### TASK TO CARRY OUT
Repeat the listing that follows character for character, omitting images.

### GIVEN MATERIAL
<<<<
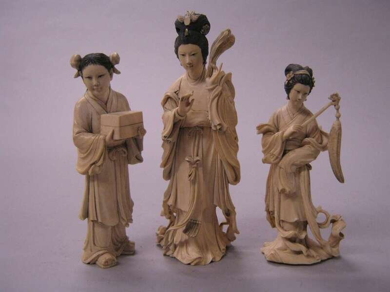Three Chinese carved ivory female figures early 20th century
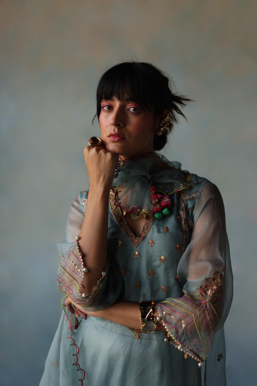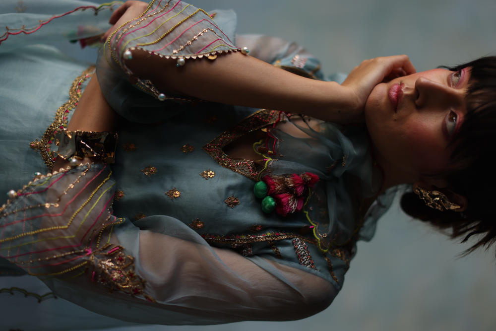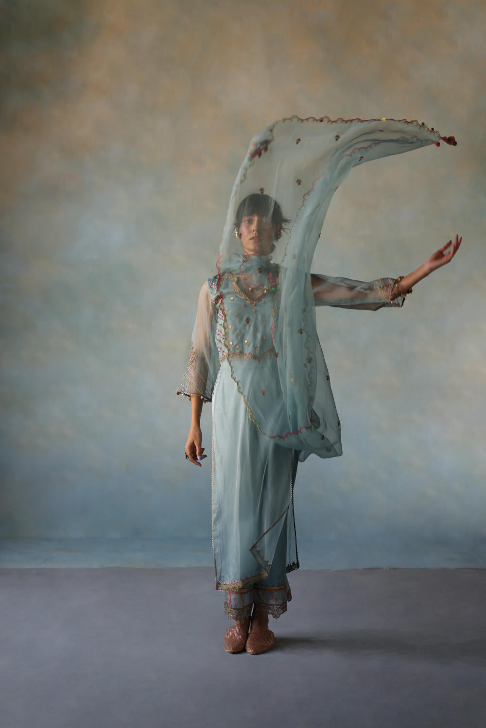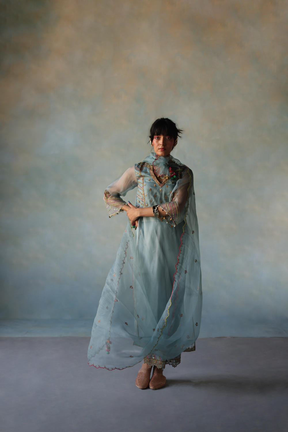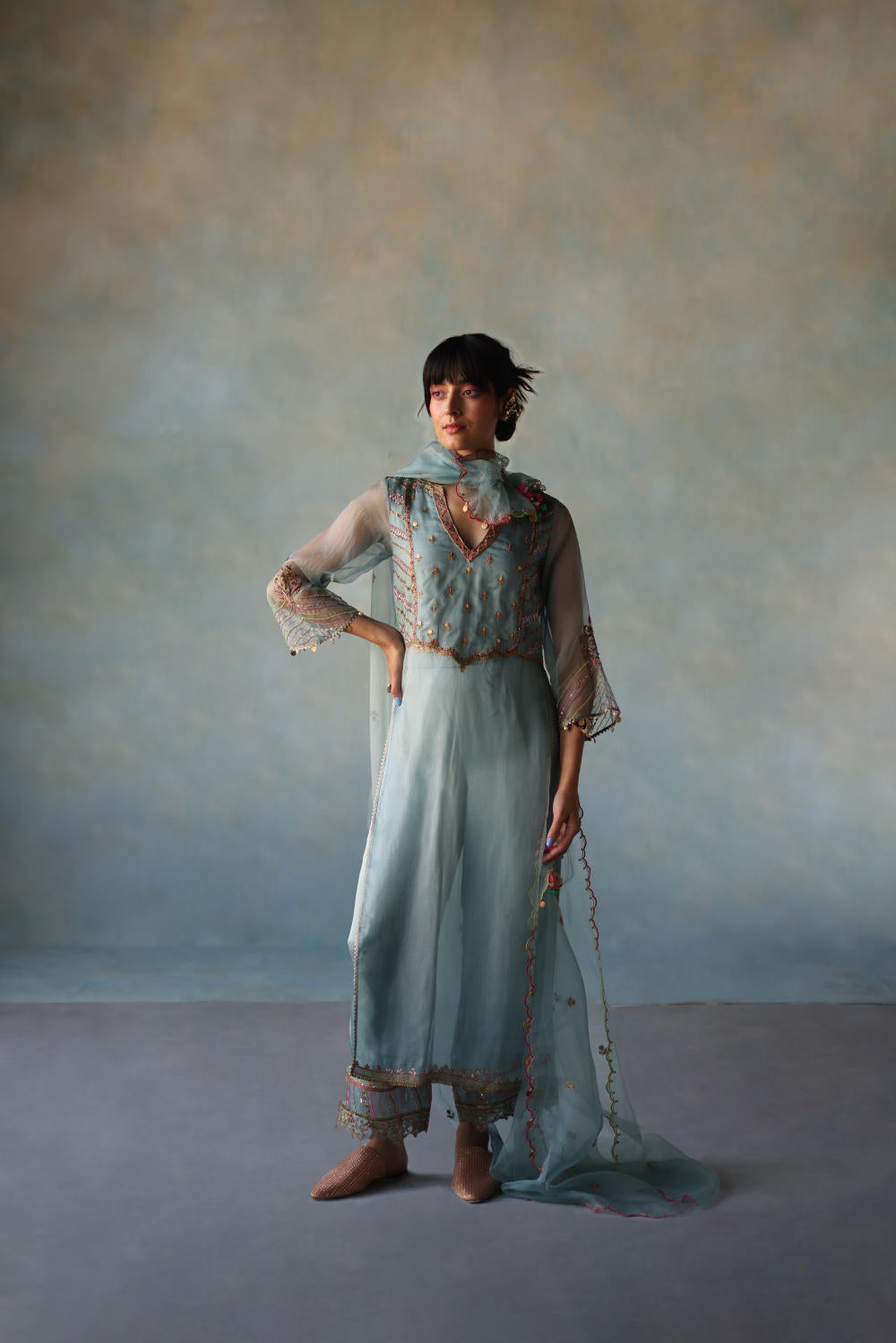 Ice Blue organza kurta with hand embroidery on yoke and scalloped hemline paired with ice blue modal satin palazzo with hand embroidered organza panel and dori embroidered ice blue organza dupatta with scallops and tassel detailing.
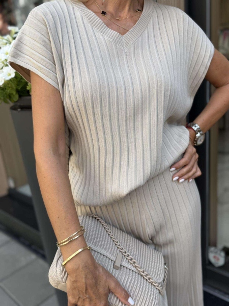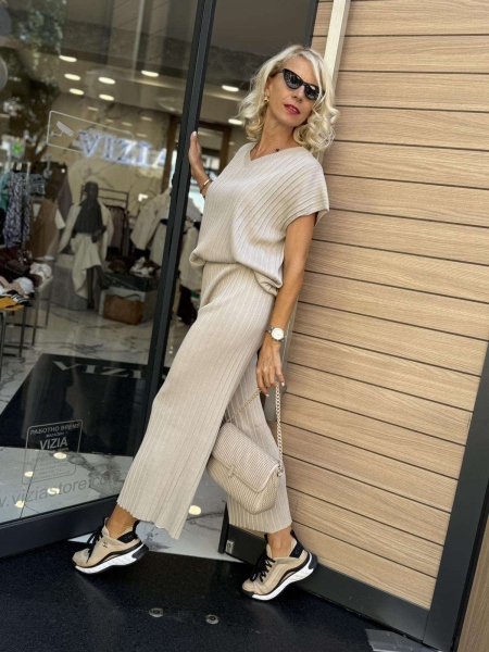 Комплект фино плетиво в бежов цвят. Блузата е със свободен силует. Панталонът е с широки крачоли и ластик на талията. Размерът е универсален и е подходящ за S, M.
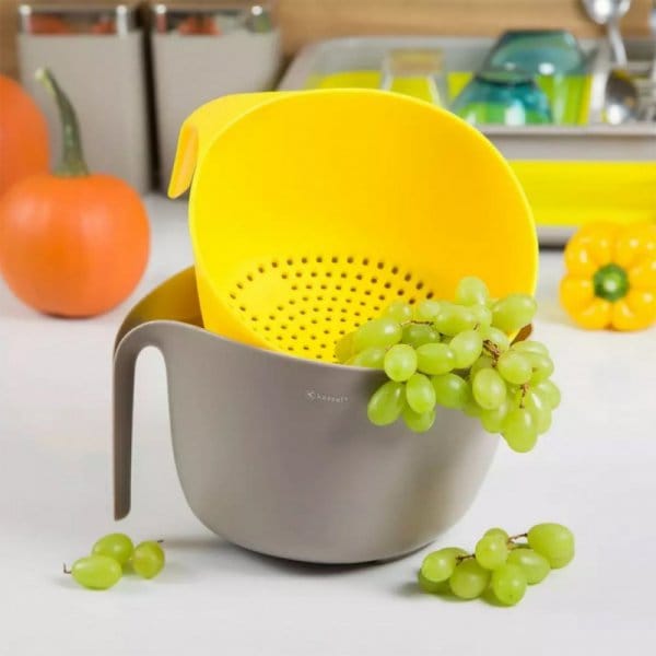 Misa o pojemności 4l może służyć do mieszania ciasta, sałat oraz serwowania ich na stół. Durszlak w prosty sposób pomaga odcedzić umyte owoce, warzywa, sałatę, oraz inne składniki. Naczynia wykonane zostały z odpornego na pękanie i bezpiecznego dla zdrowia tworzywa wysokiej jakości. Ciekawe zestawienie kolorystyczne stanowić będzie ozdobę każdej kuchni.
>>>>
### THE COMPLETED TASK
Three Chinese carved ivory female figures early 20th century
 Ice Blue organza kurta with hand embroidery on yoke and scalloped hemline paired with ice blue modal satin palazzo with hand embroidered organza panel and dori embroidered ice blue organza dupatta with scallops and tassel detailing.
 Комплект фино плетиво в бежов цвят. Блузата е със свободен силует. Панталонът е с широки крачоли и ластик на талията. Размерът е универсален и е подходящ за S, M.
 Misa o pojemności 4l może służyć do mieszania ciasta, sałat oraz serwowania ich na stół. Durszlak w prosty sposób pomaga odcedzić umyte owoce, warzywa, sałatę, oraz inne składniki. Naczynia wykonane zostały z odpornego na pękanie i bezpiecznego dla zdrowia tworzywa wysokiej jakości. Ciekawe zestawienie kolorystyczne stanowić będzie ozdobę każdej kuchni.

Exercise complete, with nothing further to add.